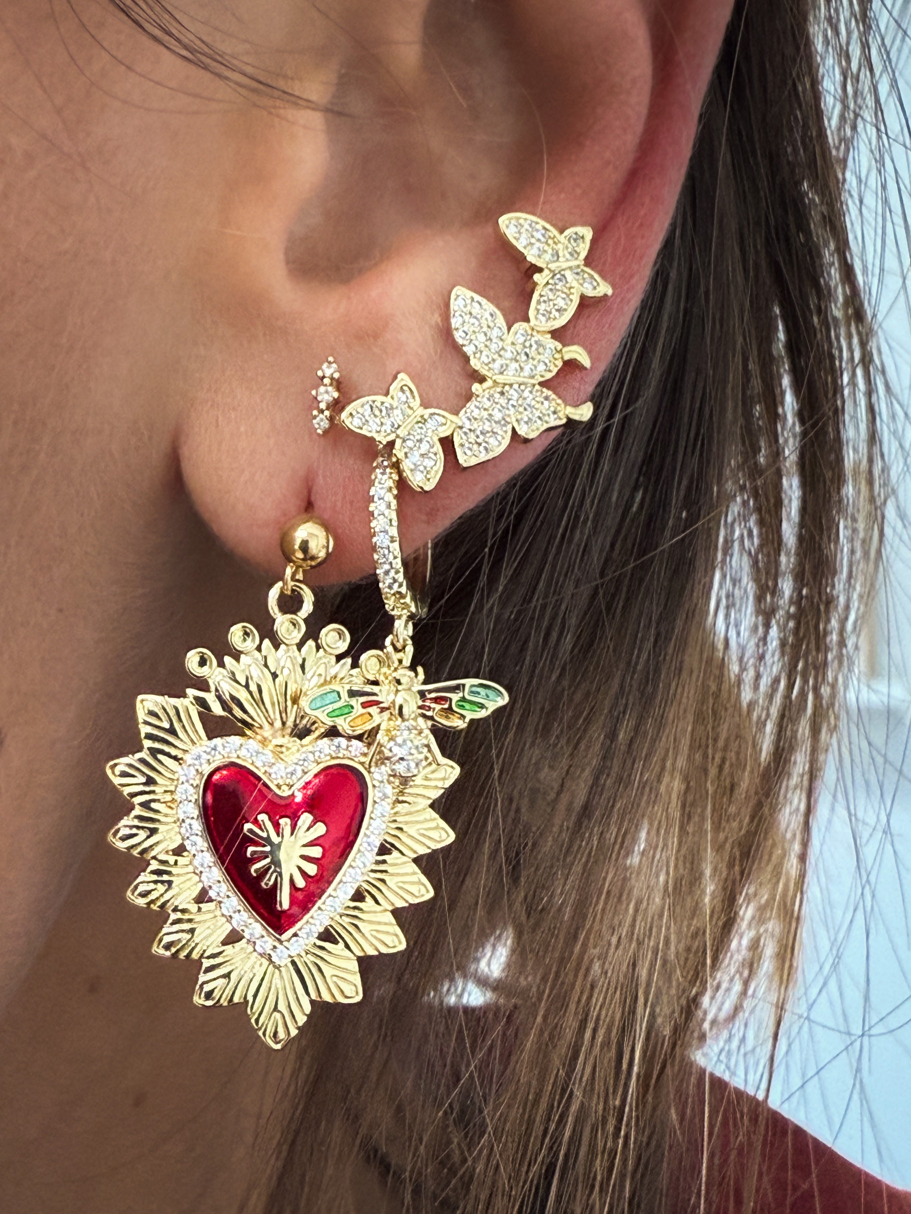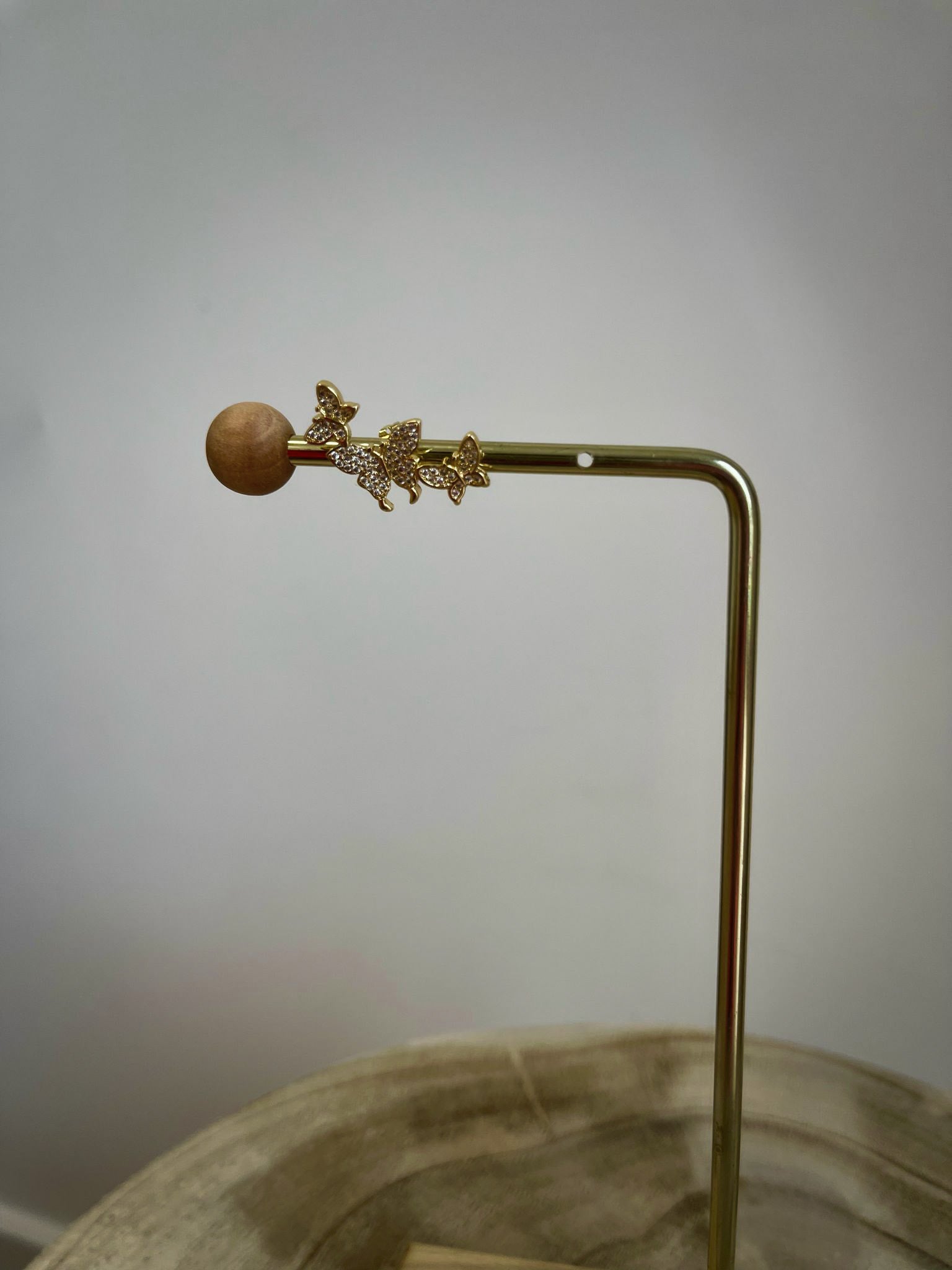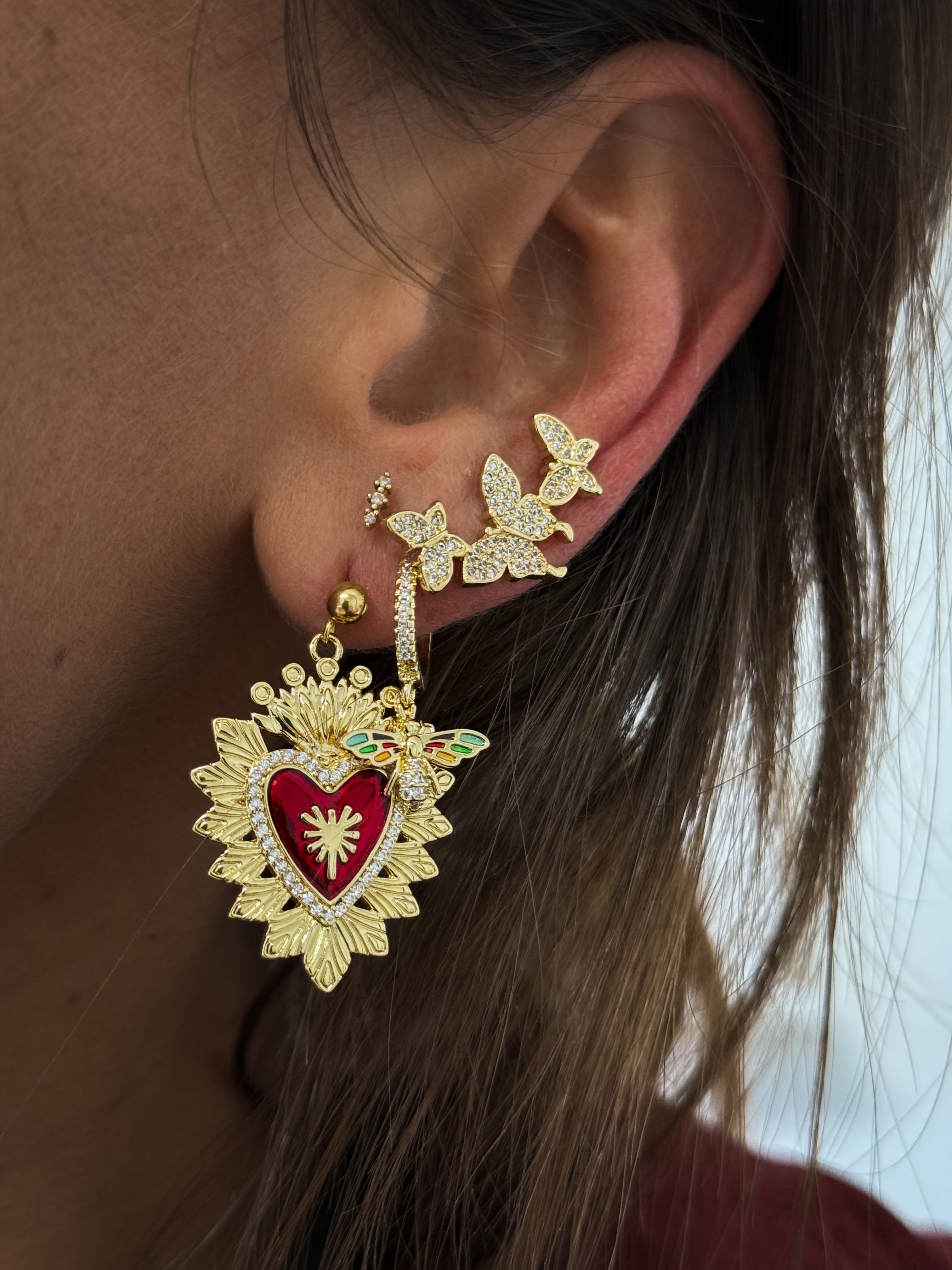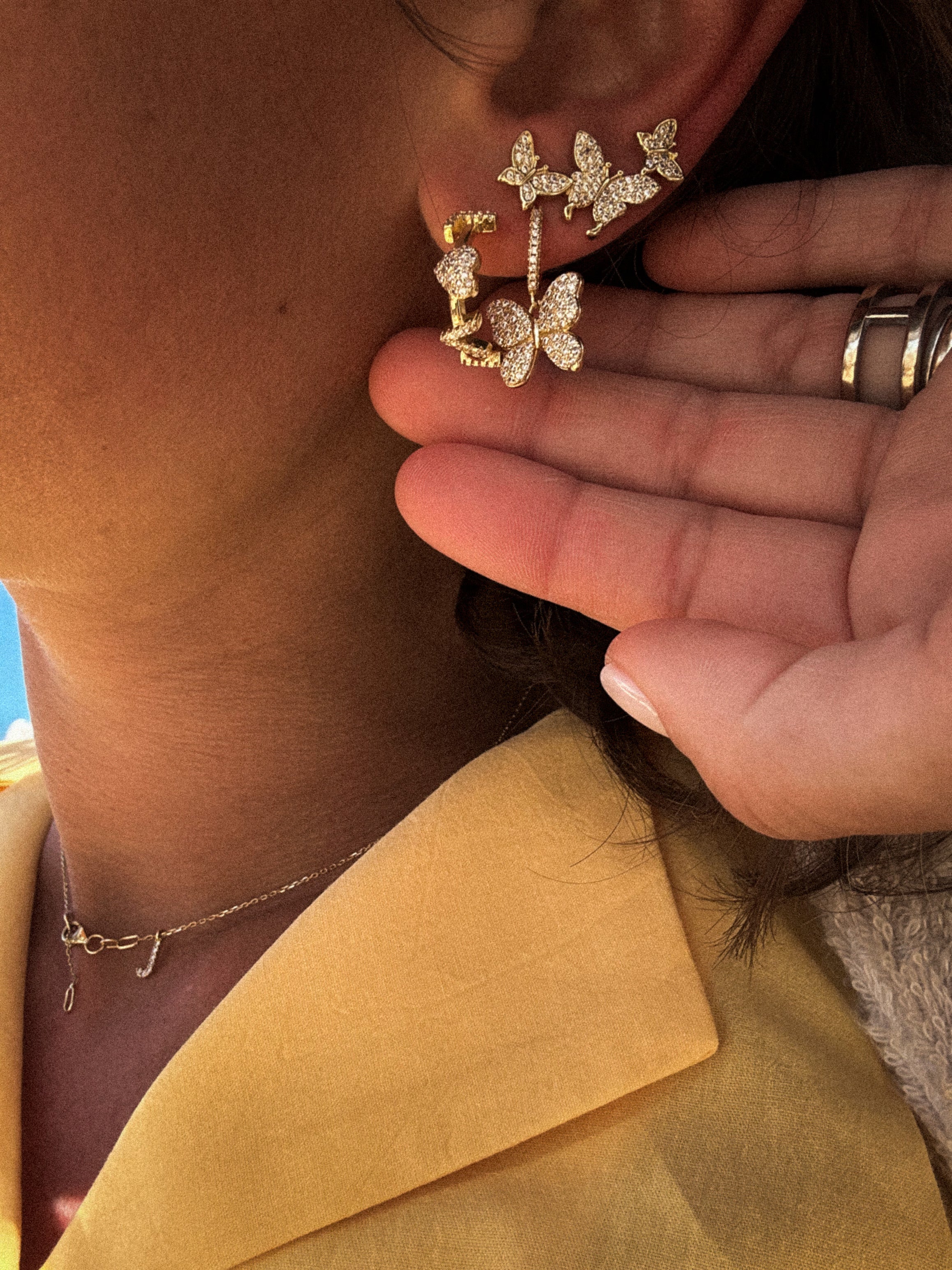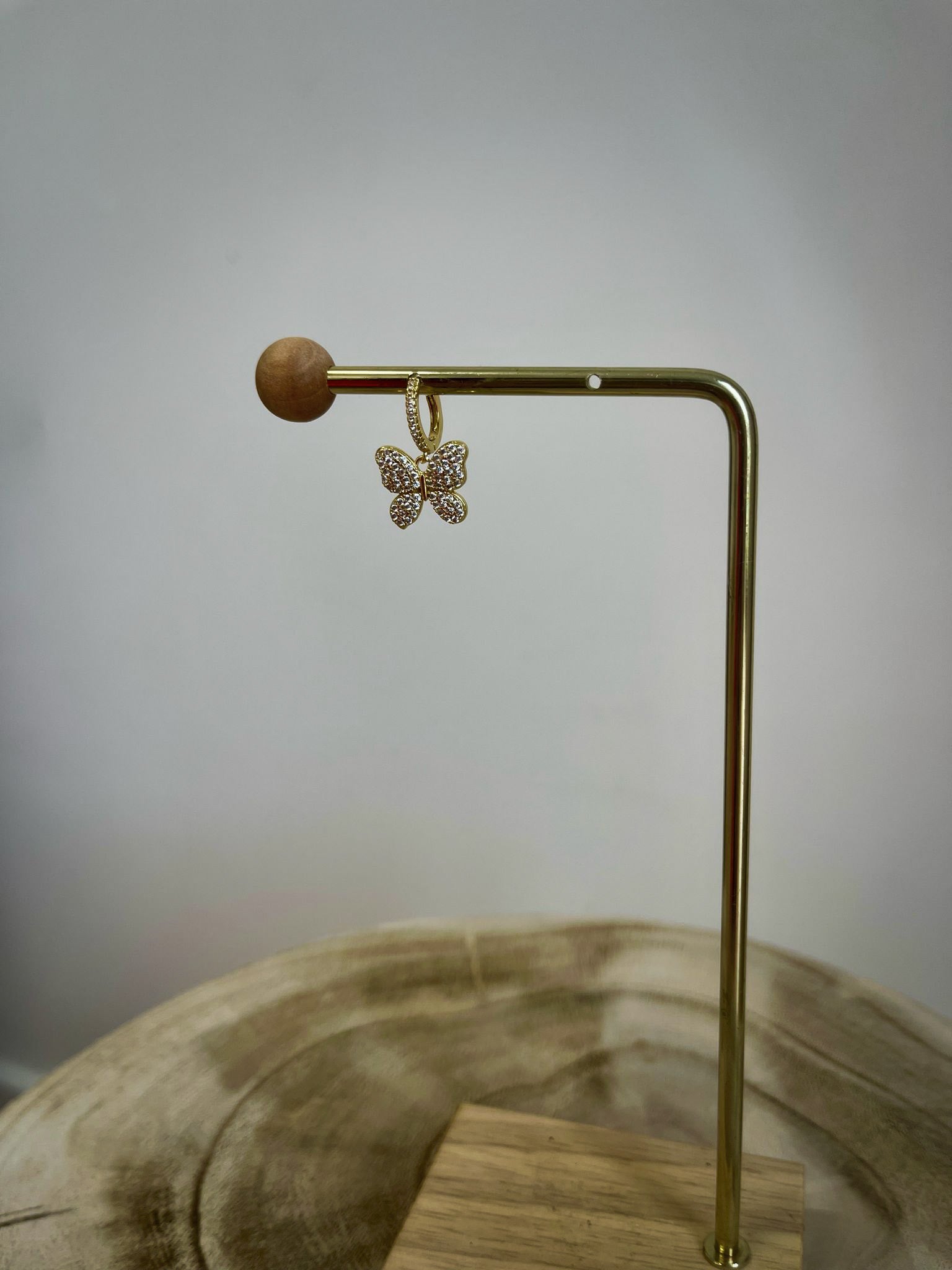 Boucle B : Petit anneau doré et papillon brillant.
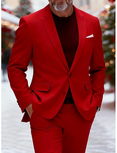 Homme Blazer + pantalon habillé Blazer de Noël Costumes Noël Affaires Cocktail Mode Occasionnel Printemps Automne Polyester Uni Avec Poches Boutons Confortable Simple Boutonnage veste Noir Rose
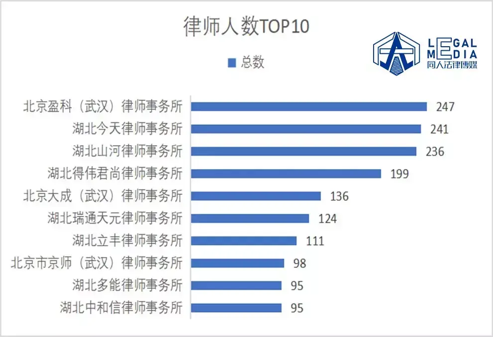其中北京盈科(武汉)律师事务所以247位律师傲视群雄,位列第一,湖北今天律师事务所以241位律师紧随其后,湖北山河律师事务所以236位律师位于第三。
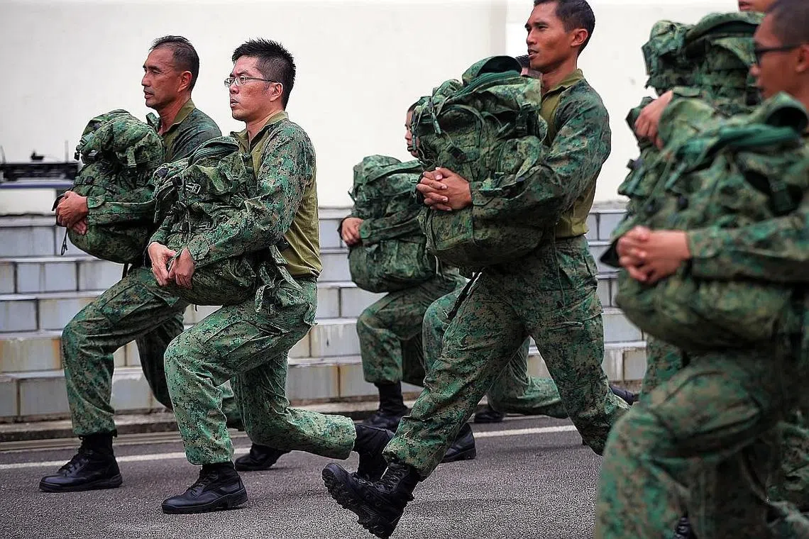 PERTINGKAT KEUPAYAAN: Memakai seragam hibrid yang lebih berangin dan cepat kering, MG Melvyn Ong (dua dari kiri) menyertai Latihan Kecergasan Vokasi (VFT) bersama askar lain di Kem Bukit Panjang kelmarin. SAF akan turut menjalankan ujian prototaip peralatan teknologi boleh dipakai pada tubuh atau dalam istilah bahasa Inggerisnya, wearable technology prototype, selama enam bulan untuk mengumpulkan maklumat yang boleh dimanfaatkan untuk mempertingkat program latihan. - Foto BH oleh KELVIN CHNG -
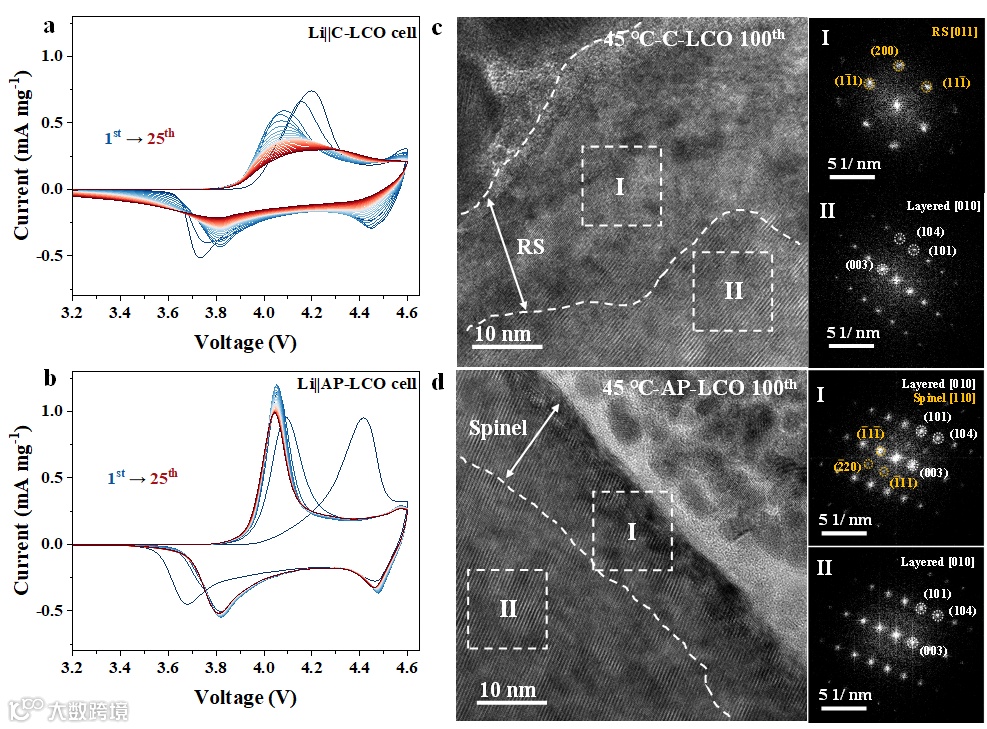 通过湿法涂覆制备的LCO(AP-LCO)成功在其表面形成了AlPO4/Li3PO4涂层。X射线衍射分析显示,AP-LCO的晶体结构与C-LCO基本一致,表明表面涂层对整体晶体结构影响不大。涂覆后,AP-LCO表面均匀覆盖着岛状纳米颗粒,尺寸约为50-200 nm,厚度在10-20 nm之间,主要由铝、氧和磷元素组成。高分辨率透射电子显微镜和选区电子衍射进一步确认了Li3PO4和AlPO4的存在。此外,AP-LCO表面形成了一层5-10 nm厚的相变层,由尖晶石相和层状相的混合物构成,与C-LCO表面的单一层状相相比,具有显著差异。亚表面区域的尖晶石相与层状相混合物在结构上更加稳定,防止结构坍塌,并为Li+传输提供更顺畅的通道。

What to produce: Restate word for word the lines starting at the one that contains "PERTINGKAT KEUPAYAAN: Memakai" and ending at the last line of the data. Skip every picture.

Expected answer:
 PERTINGKAT KEUPAYAAN: Memakai seragam hibrid yang lebih berangin dan cepat kering, MG Melvyn Ong (dua dari kiri) menyertai Latihan Kecergasan Vokasi (VFT) bersama askar lain di Kem Bukit Panjang kelmarin. SAF akan turut menjalankan ujian prototaip peralatan teknologi boleh dipakai pada tubuh atau dalam istilah bahasa Inggerisnya, wearable technology prototype, selama enam bulan untuk mengumpulkan maklumat yang boleh dimanfaatkan untuk mempertingkat program latihan. - Foto BH oleh KELVIN CHNG -
 通过湿法涂覆制备的LCO(AP-LCO)成功在其表面形成了AlPO4/Li3PO4涂层。X射线衍射分析显示,AP-LCO的晶体结构与C-LCO基本一致,表明表面涂层对整体晶体结构影响不大。涂覆后,AP-LCO表面均匀覆盖着岛状纳米颗粒,尺寸约为50-200 nm,厚度在10-20 nm之间,主要由铝、氧和磷元素组成。高分辨率透射电子显微镜和选区电子衍射进一步确认了Li3PO4和AlPO4的存在。此外,AP-LCO表面形成了一层5-10 nm厚的相变层,由尖晶石相和层状相的混合物构成,与C-LCO表面的单一层状相相比,具有显著差异。亚表面区域的尖晶石相与层状相混合物在结构上更加稳定,防止结构坍塌,并为Li+传输提供更顺畅的通道。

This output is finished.